No media director would accept a channel where the counterparty can cut available impressions by a third with a model checkpoint and owes you no notice. That is what the February dip was. The deeper tell is the topic gradient: citation density peaks in travel and retail, the categories closest to a transaction, which is precisely the gradient that determined price in paid search. Platforms do not route the most value outward where it is least valuable. They do it where an ad market is easiest to build on top, and independent ad-tracking research reported in 2026 by OtterlyAI put sponsored placement on roughly three quarters of shopping-related ChatGPT questions. The denominators are not directly comparable to Similarweb's topic rates, so treat that as directional, but the direction is unambiguous: in the money verticals the paid layer is already the larger surface.

What this means for media buyers and for the publishers being cited

For CMOs, media buyers, and agencies: budget against inventory that exists

Stop setting citation share targets before checking whether the answers exist to be cited in. A citation programme in education or health is competing for a pool where fewer than one answer in twenty carries a link, and no amount of content changes that denominator. Pull the topic-level citation rate for your category first, size the earned pool honestly, and route the remainder into paid placement inside the answer and into the source types that actually get cited in your vertical. In beauty that is retail and e-commerce properties at over half of citations; in finance it is finance-specific sites and news outlets. There is no single playbook, and treating one as if there were is how budget gets burned.
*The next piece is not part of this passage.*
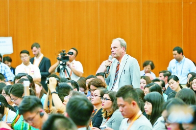 外國記者在新聞發(fā)布會上提問。本報記者 周官正攝/光明圖片
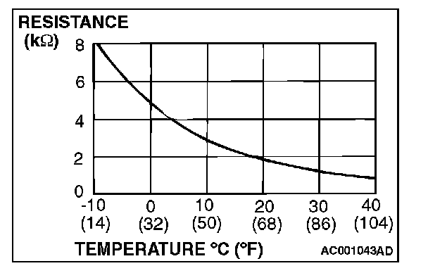 Measure the resistance between connector terminals 1 and 2. under at least two different temperatures. The resistance values should generally match those in the graph.

For publishers: 26% of the answer and no line on the rate card

News and publisher sites accounted for 26.0% of ChatGPT's citations in Similarweb's May sample, second only to reviews and user-generated content at 28.9%. Professional publishing is therefore the second-largest supplier of the answer layer while holding no position in how that layer is monetized, and in travel, the citation-richest category of all, reviews and UGC took 54.1% of citations. The lesson is not to publish more. It is to price the citation itself, as disclosed sponsored inventory inside the answers your content already grounds, because the alternative is having your supply volume set annually by a dial you cannot see.
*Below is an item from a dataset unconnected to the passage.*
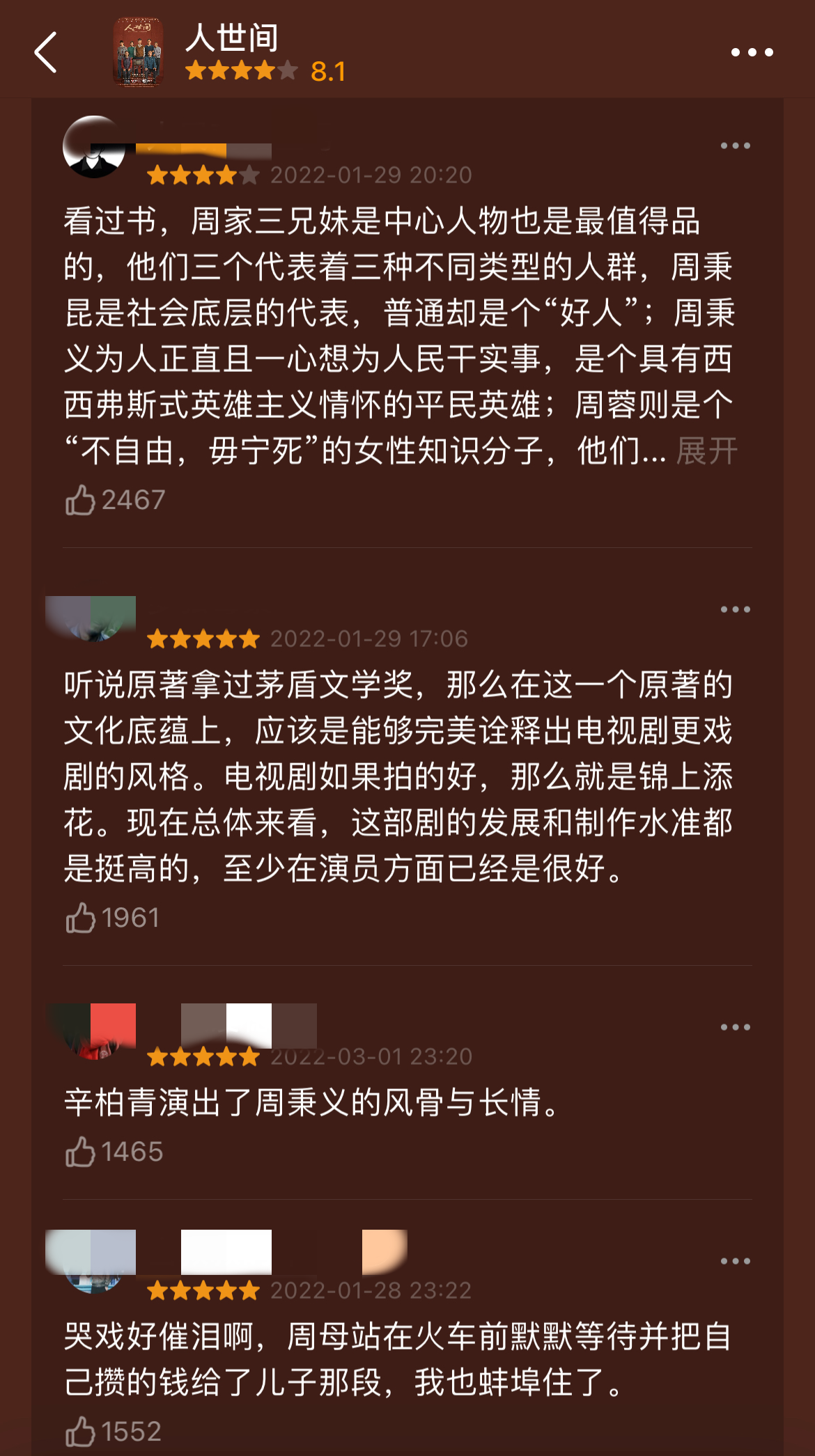 《人世间》网友留言

Three signals to watch through 2027

Three things will tell you when the answer layer becomes a real market. First, whether any engine commits to a citation floor or a usage-based licensing term, which would convert an allowance into an obligation. Second, whether the gap between sponsored density and organic citation density in commercial categories keeps widening, because if it does, the answer layer prices before it opens. Third, whether the topic gradient hardens: if travel and retail get citation-rich answers while education and health stay under 5%, the agentic web splits into a cited economy and an uncited one, and entire publishing sectors are excluded by architecture rather than by quality.

Conclusion

Hold on to this: AI Search citation rates are an inventory level controlled by the engine, not a ranking signal you can move, and a market built on an unpriced allowance will eventually be priced by whoever gets there first. Smalk AI exists to price it properly, as generative engine advertising that places native ads for AI agents and pays the media sources whose content grounds those answers. Watch for the first engine or coalition to publish a citation commitment with a number attached, because that is the day the allowance becomes inventory and everyone starts bidding for it.